Сердце льва - Вересов Дмитрий. Страница 19
Стоя рядом, они слышали дыхание друг друга, встречаясь взглядами, не отводили глаз и не могли избавиться от чувства, что знакомы уже давно и очень близко. Их словно окружила невидимая стека, образовав волшебный, преисполненный доверия и нежности мир. Пускай там, снаружи, сверкают молнии и барабанит дождь, а здесь — ощущение душевного тепла, запах резеды от плеч Маши, тревожное, заставляющее биться сердце предвкушение счастья. Стоять бы так и стоять, до бесконечности, но — летняя гроза быстротечна. Тучи взяв курс на запад, величаво уплыли, дождь, выдохшись, перестал, на небе, вымытом до голубизны показалось рыжее вечернее солнце. Море разливанное на мостовой как-то сразу обмелело, а по невским тротуарам повалила разномастная возбуждённая толпа…
— Ого, сколько времени, — отодвинувшись от Дзюбы, Маша посмотрела на свои часики-браслетку, потом на босые розовые ноги и стала поспешно обуваться. — Слушай, Епифан, не слишком мы заболтались?
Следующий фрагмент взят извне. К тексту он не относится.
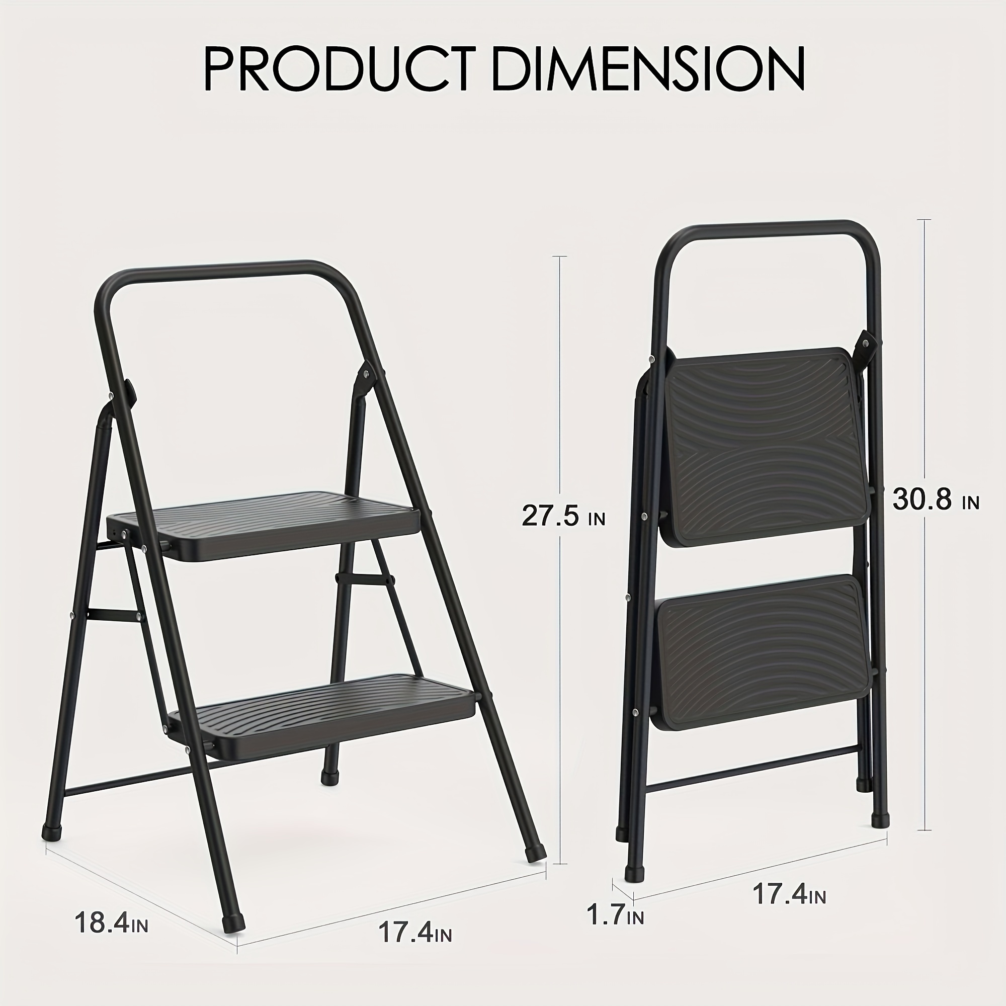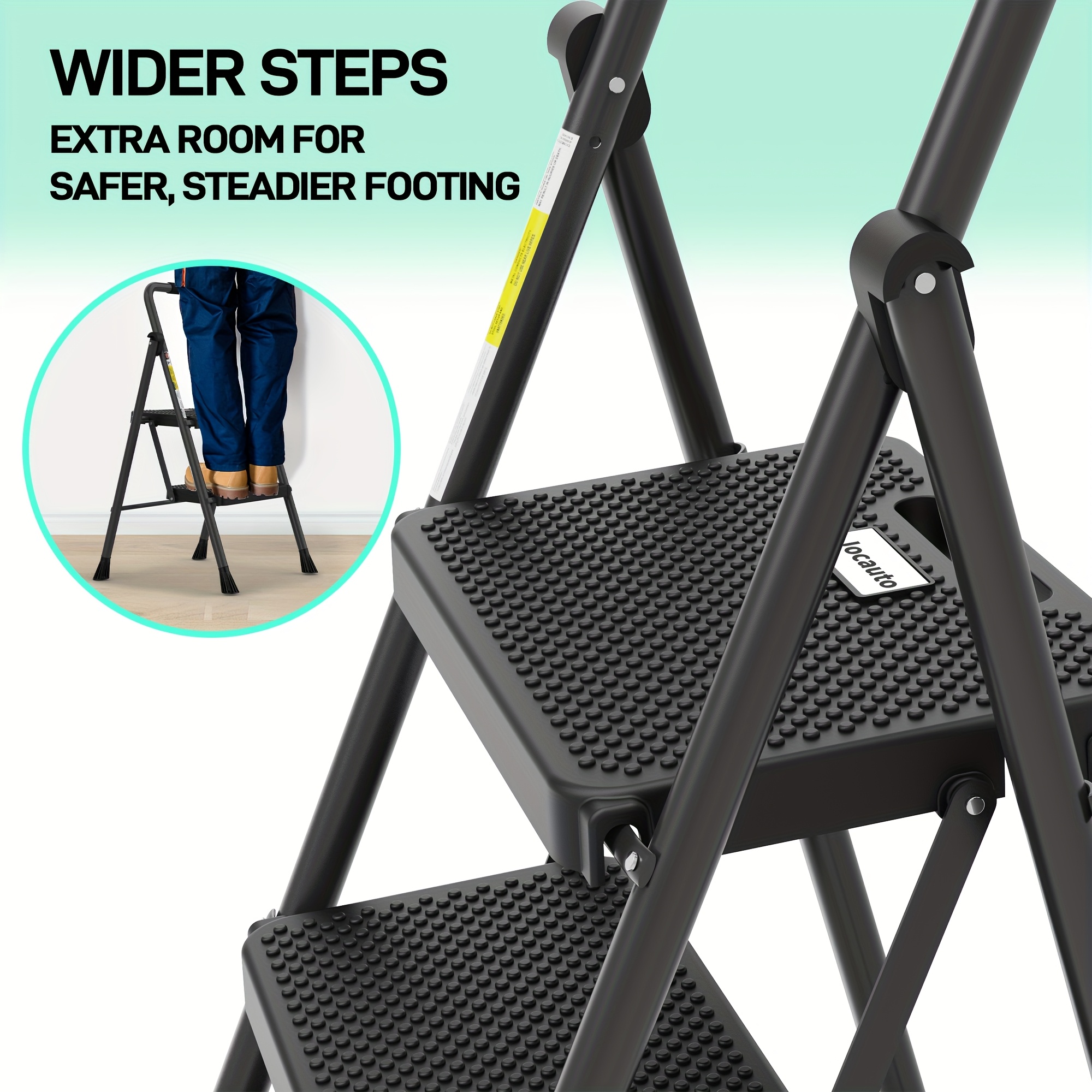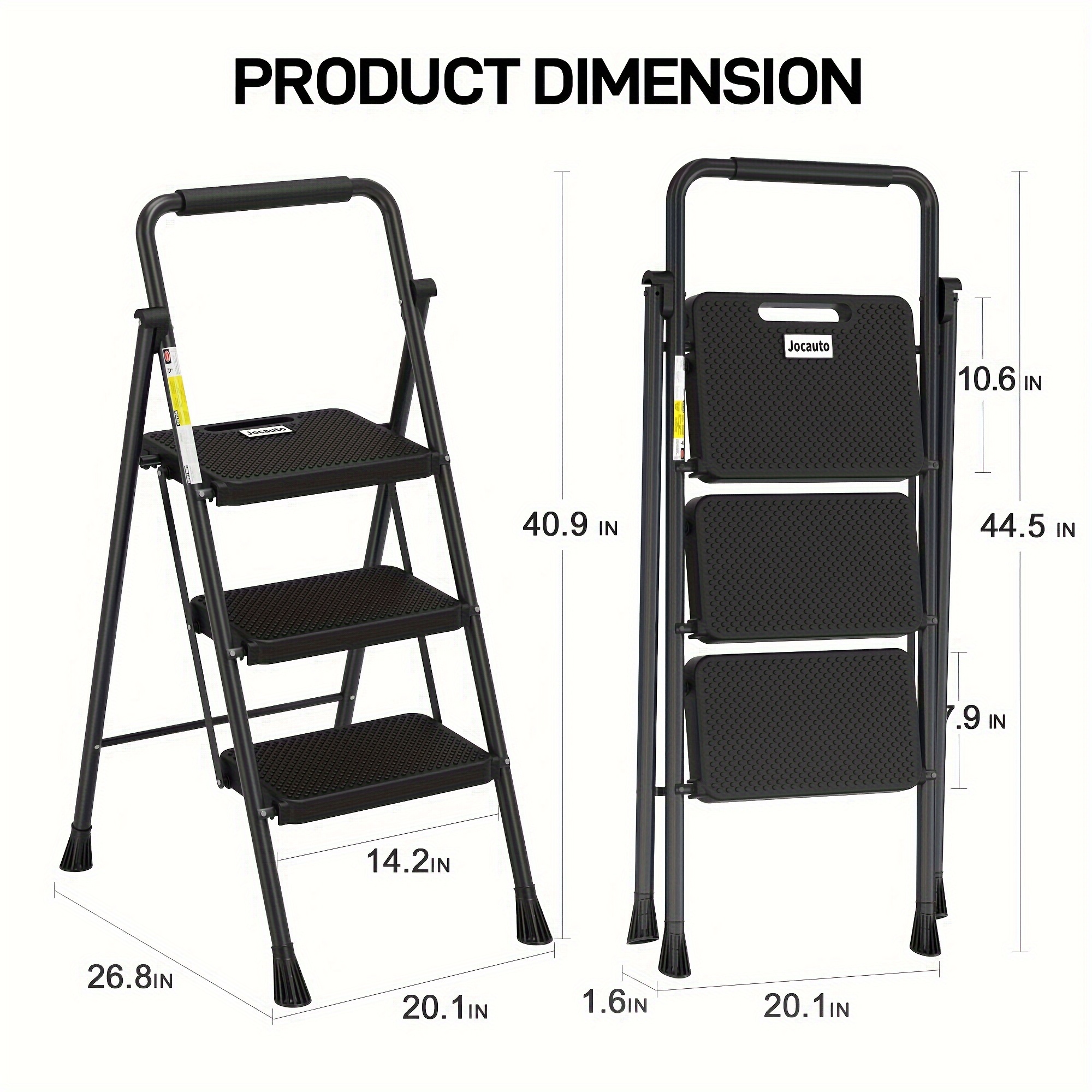 800lbs Capacity Heavy Duty 2/3 Step Ladder - Folding Step Stool With Comfort Handgrip - Great For Home, Kitchen, And Office

Спросила так, для приличия, чувствовалось, что расставаться ей совсем не хочется.
— Само собой, разговоры на пустой желудок до добра не доводят. — Епифан вздохнул. — Ай-яй-яй, чуть ужин не пропустили. А ведь у меня режим… Обулась? Как ты насчёт мцвади-бастурмы с зеленью, овощами и соусом «ткемали»?
— А что это такое?
— Пойдём, узнаешь…
И взяв Машу под руку, с напористой галантностью, повёл её в ресторан «Кавказский», что неподалёку от Казанского собора. Каблучки туфель-лодочек радостно стучали по стерильному асфальту.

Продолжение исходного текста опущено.